## [What to work on]
Exclude the pictures, then restate every entry below exactly.

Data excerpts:
########
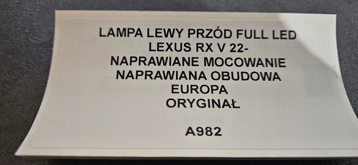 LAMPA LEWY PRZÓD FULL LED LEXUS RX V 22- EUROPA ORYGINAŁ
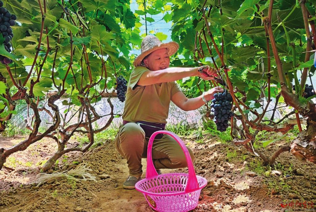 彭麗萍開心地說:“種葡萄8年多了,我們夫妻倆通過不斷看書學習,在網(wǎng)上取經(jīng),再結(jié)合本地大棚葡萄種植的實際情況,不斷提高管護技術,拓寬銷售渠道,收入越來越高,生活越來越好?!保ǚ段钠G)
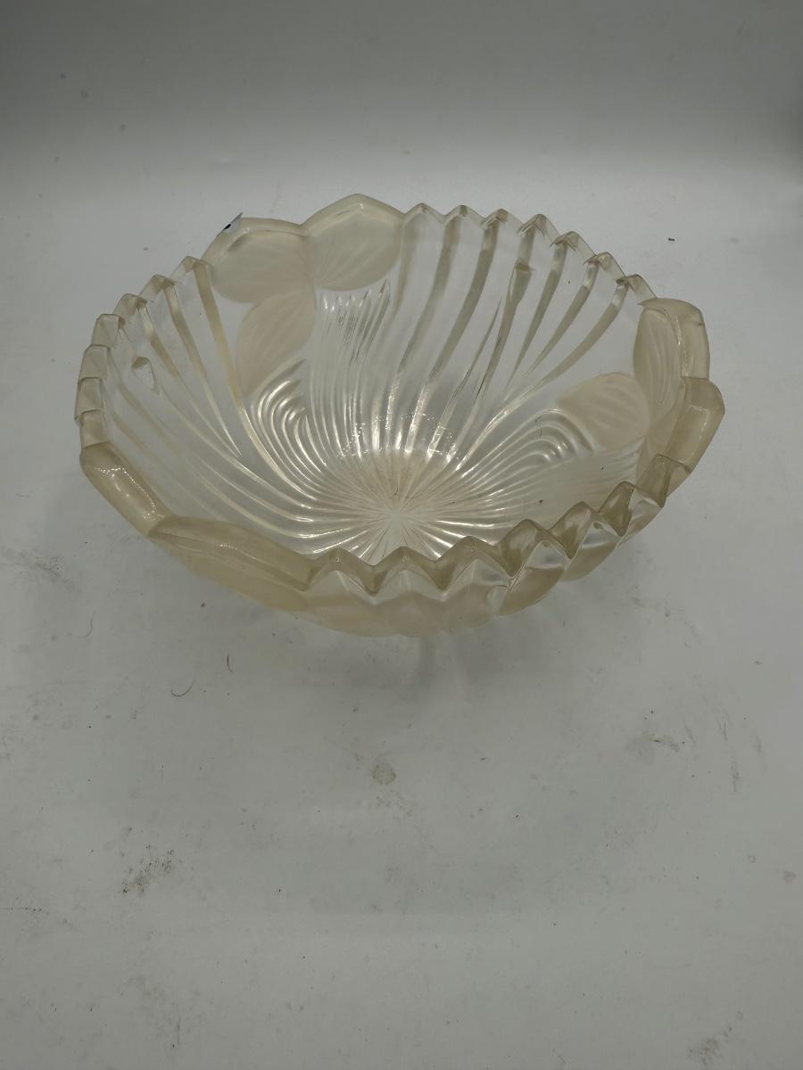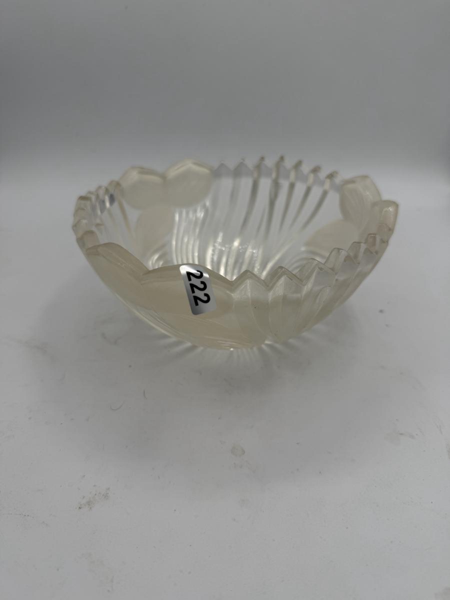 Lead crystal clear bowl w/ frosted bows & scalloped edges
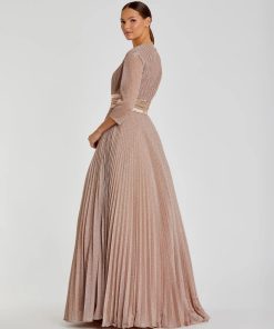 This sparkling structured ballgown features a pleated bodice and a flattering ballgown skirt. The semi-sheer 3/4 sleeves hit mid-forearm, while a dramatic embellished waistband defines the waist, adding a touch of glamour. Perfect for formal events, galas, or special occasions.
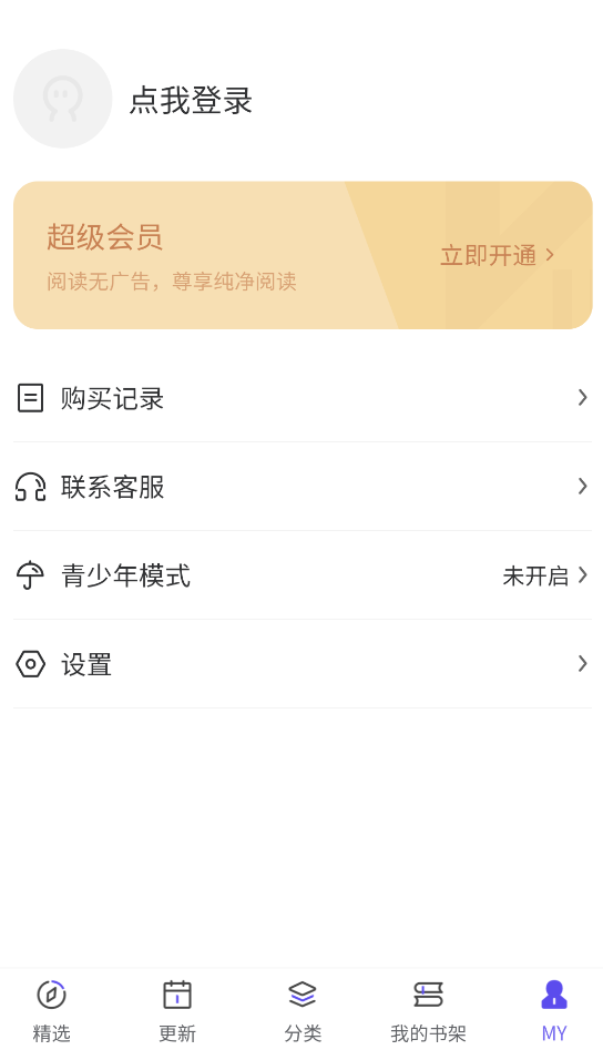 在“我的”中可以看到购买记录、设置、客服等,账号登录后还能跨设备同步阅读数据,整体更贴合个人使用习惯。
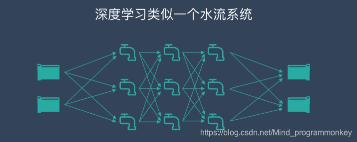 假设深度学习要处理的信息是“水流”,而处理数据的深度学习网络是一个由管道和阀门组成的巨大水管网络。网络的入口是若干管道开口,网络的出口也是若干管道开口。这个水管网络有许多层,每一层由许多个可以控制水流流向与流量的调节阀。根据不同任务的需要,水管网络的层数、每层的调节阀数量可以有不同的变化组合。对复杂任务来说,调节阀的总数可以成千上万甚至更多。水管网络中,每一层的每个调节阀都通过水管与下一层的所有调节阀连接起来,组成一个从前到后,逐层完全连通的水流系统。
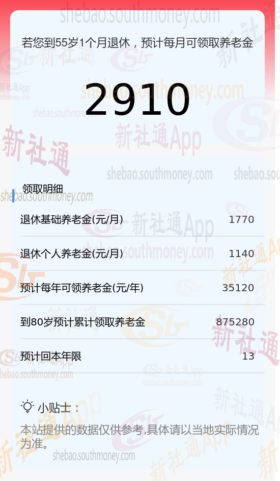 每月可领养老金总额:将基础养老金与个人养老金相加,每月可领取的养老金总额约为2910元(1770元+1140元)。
########
## [Written solution]
 LAMPA LEWY PRZÓD FULL LED LEXUS RX V 22- EUROPA ORYGINAŁ
 彭麗萍開心地說:“種葡萄8年多了,我們夫妻倆通過不斷看書學習,在網(wǎng)上取經(jīng),再結(jié)合本地大棚葡萄種植的實際情況,不斷提高管護技術,拓寬銷售渠道,收入越來越高,生活越來越好?!保ǚ段钠G)
 Lead crystal clear bowl w/ frosted bows & scalloped edges
 This sparkling structured ballgown features a pleated bodice and a flattering ballgown skirt. The semi-sheer 3/4 sleeves hit mid-forearm, while a dramatic embellished waistband defines the waist, adding a touch of glamour. Perfect for formal events, galas, or special occasions.
 在“我的”中可以看到购买记录、设置、客服等,账号登录后还能跨设备同步阅读数据,整体更贴合个人使用习惯。
 假设深度学习要处理的信息是“水流”,而处理数据的深度学习网络是一个由管道和阀门组成的巨大水管网络。网络的入口是若干管道开口,网络的出口也是若干管道开口。这个水管网络有许多层,每一层由许多个可以控制水流流向与流量的调节阀。根据不同任务的需要,水管网络的层数、每层的调节阀数量可以有不同的变化组合。对复杂任务来说,调节阀的总数可以成千上万甚至更多。水管网络中,每一层的每个调节阀都通过水管与下一层的所有调节阀连接起来,组成一个从前到后,逐层完全连通的水流系统。
 每月可领养老金总额:将基础养老金与个人养老金相加,每月可领取的养老金总额约为2910元(1770元+1140元)。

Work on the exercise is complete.